MiniCPM-o 4.5 is the latest and most capable model in the MiniCPM-o series, built as an end-to-end multimodal AI model based on SigLip2, Whisper-medium, CosyVoice2, and Qwen3-8B with a total of 9B parameters. It exhibits significant performance improvements and introduces new features for full-duplex multimodal live streaming, processing real-time video and audio inputs while generating concurrent text and speech outputs.

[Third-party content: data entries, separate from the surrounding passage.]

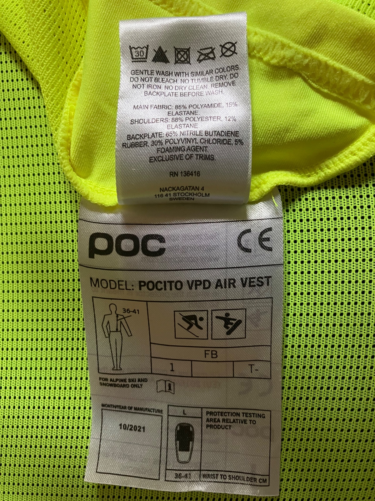 Chránič páteře POCITO VPD AIR VEST ve vel L. na délku trupu 36-41 cm, viz štítek. Reflexně žlutá barva. Vlastní chránič vyndatelný, vesta pratelná.
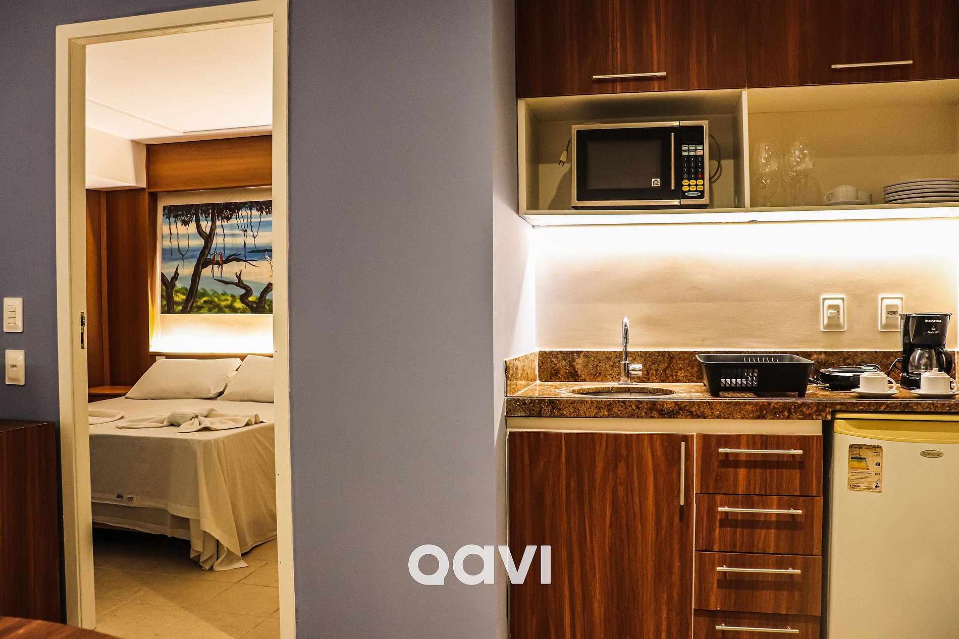 - Cozinha: Frigobar, micro-ondas, fogão elétrico de 2 bocas, torradeira, cafeteira e cutelaria em geral.
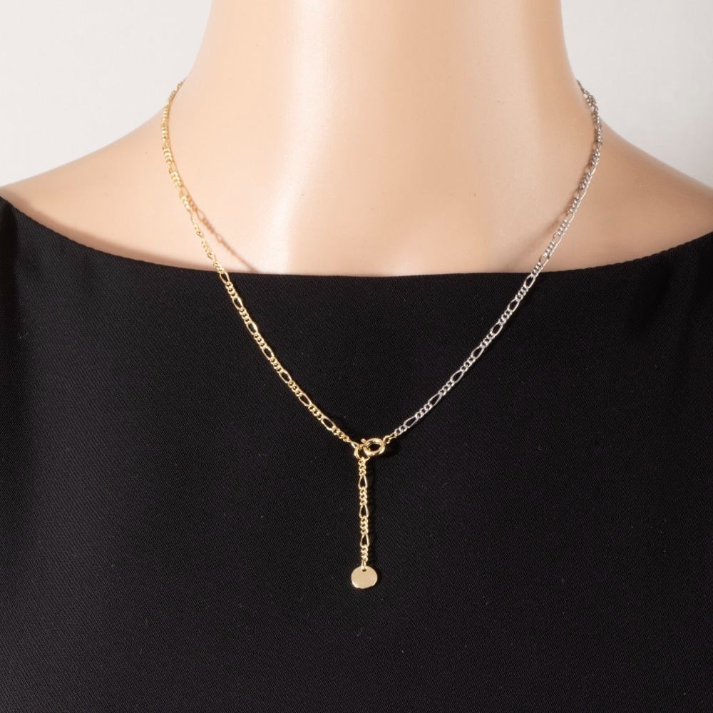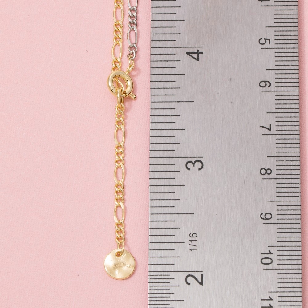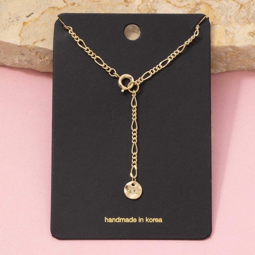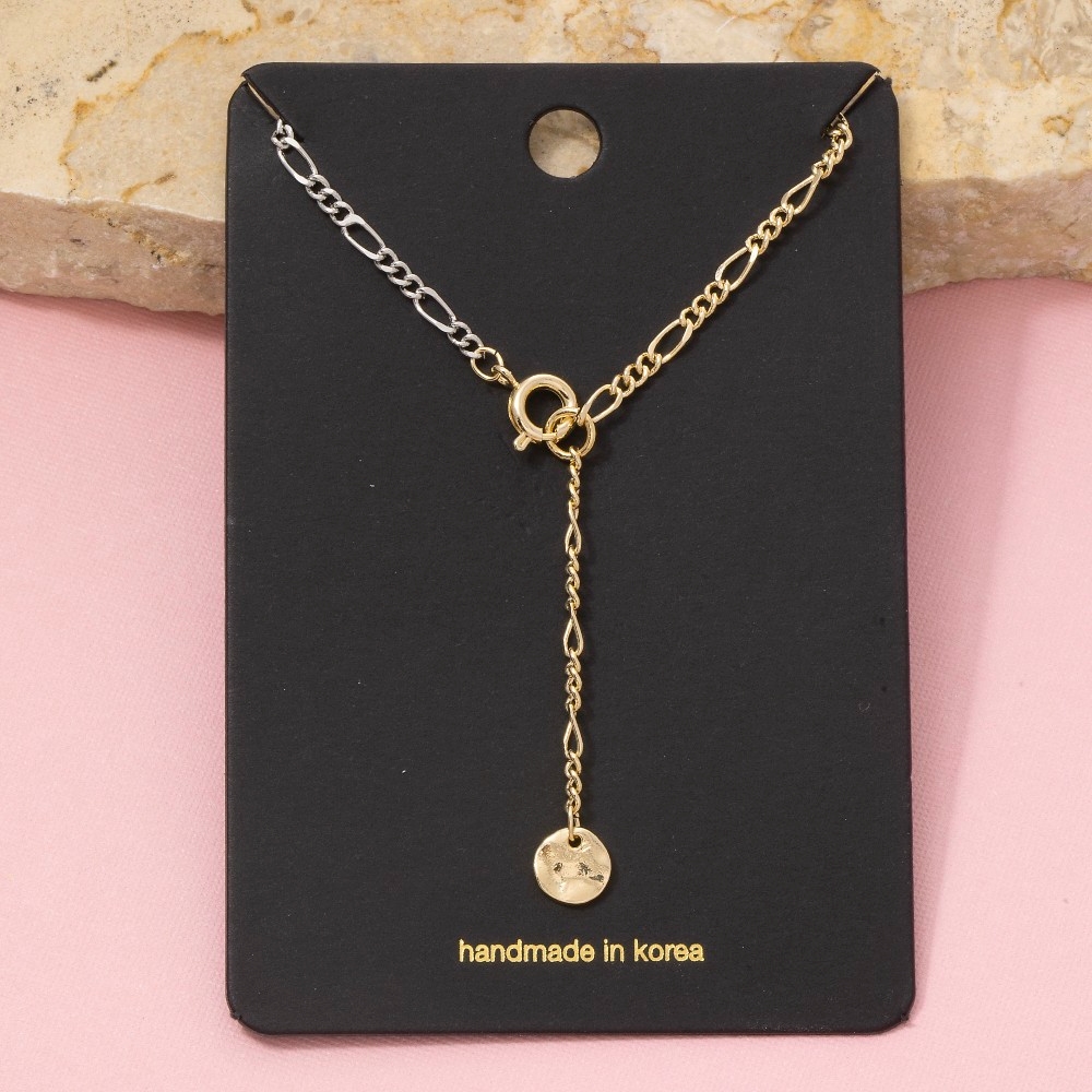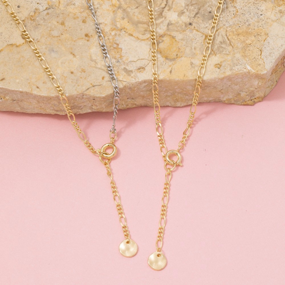 • Elevate any look, this necklace emanates an elegant gold figaro chain coin drop lariat design. Embrace fashion flexibility with this versatile necklace, designed to effortlessly enhance the sophistication of any outfit. Available in G, TT. This item is sold in packs of 1.
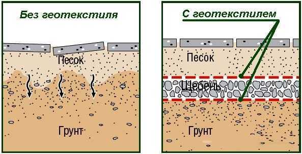 Дно траншеи уплотняют и кладут геотекстиль. Его укладывают также и между слоями – это повышает прочность основы и срок ее эксплуатации, так как материал специально создан для строительства в условиях вечной мерзлоты. Он очень крепкий и препятствует вымыванию песка, проседанию, исключает разрастание сорняков и хорошо пропускает влагу.
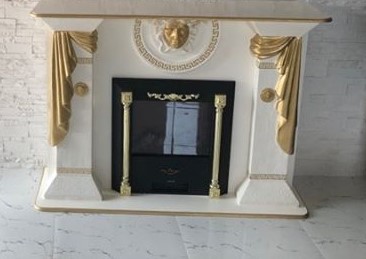 Fireplace in off white and shown with gold with black and gold fire , size 145cm x 50cm with a height of 105cm
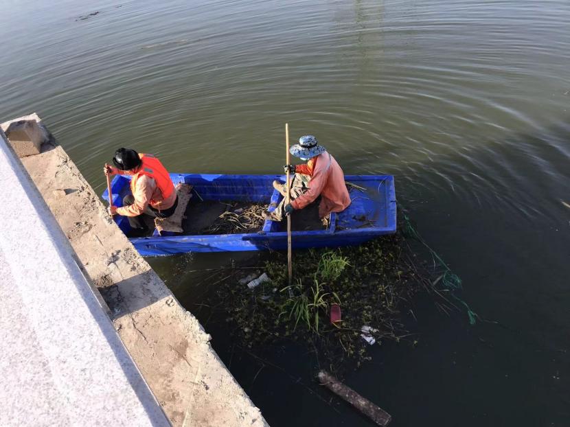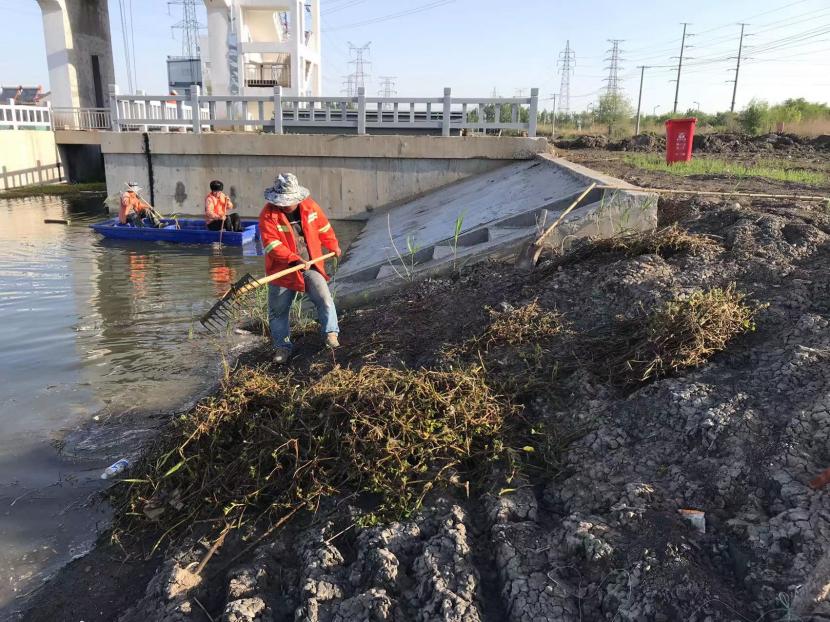 作業(yè)過程中,打撈人員因地制宜,采取分段清理、圍攔堵截、水上打撈等方式進(jìn)行打撈,有的坐在船上用濾網(wǎng)、鉤耙等工具清理河面雜草,有的在岸邊將水草打撈上岸,并其進(jìn)行集中處置,防止對河道造成二次污染。通過3個(gè)多小時(shí)的清理打撈,河道中的水流恢復(fù)暢通。
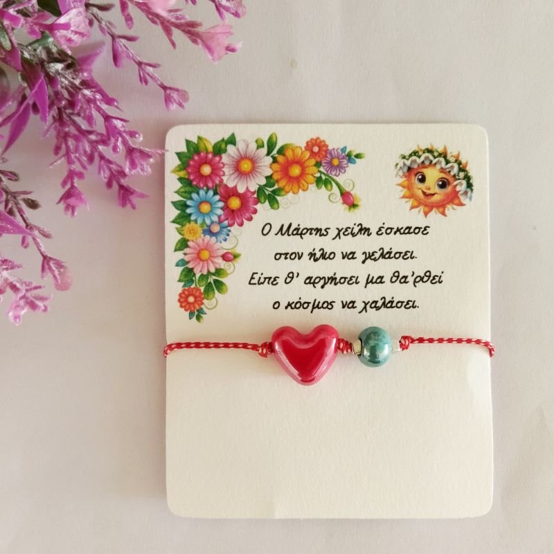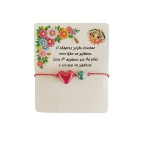 Βραχιόλι μαρτάκι με κεραμική κόκκινη καρδιά και γαλάζια χάντρα
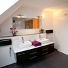 Integriert im Wohn- und Essbereich befinden sich in zwei Ebenen, der Ausblick ins Grüne ist hiermit auch aus dem rückwärtigen Teil des Gebäudes möglich und durch die großzügigen Eckfenster wird der Blick in die Natur ermöglicht. Große Holzterrassen erweitern den Wohnraum in den Außenbereich.
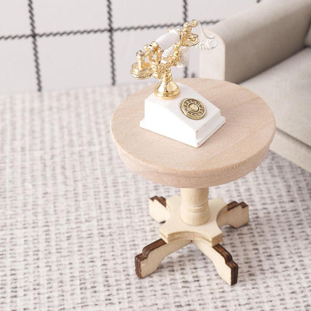 1/12 Dollhouse End Table Model Toy Furniture Crafted Round Mini Desk Pretend Play Ornament
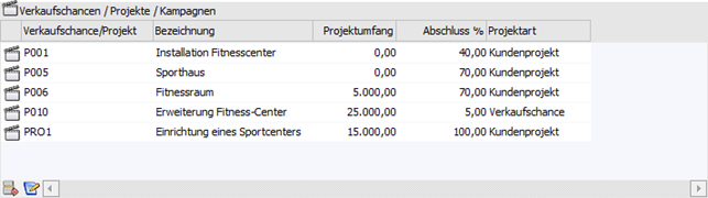 In der Tabelle werden alle Verkaufschance bzw. Projekte angezeigt, in denen das Personenkonto eingetragen wurde.

The model features leading visual capability with an average score of 77.6 on OpenCompass, surpassing proprietary models like GPT-4o and Gemini 2.0 Pro. It supports strong speech capability with bilingual real-time conversation in English and Chinese, configurable voices, voice cloning, and role play. The full-duplex streaming capability allows simultaneous processing of video and audio inputs without mutual blocking, enabling proactive interaction based on continuous scene understanding. Additional capabilities include strong OCR performance, high-resolution image processing up to 1.8 million pixels, high-FPS video support up to 10fps, multilingual support across 30+ languages, and trustworthy behaviors matching Gemini 2.5 Flash.
The model works through an end-to-end architecture that processes multimodal inputs simultaneously while generating outputs in real-time. It supports both simplex and duplex modes, with duplex mode enabling full-duplex streaming inference for real-time or recorded video conversations where the model can see, listen, and speak concurrently without turn-taking lag.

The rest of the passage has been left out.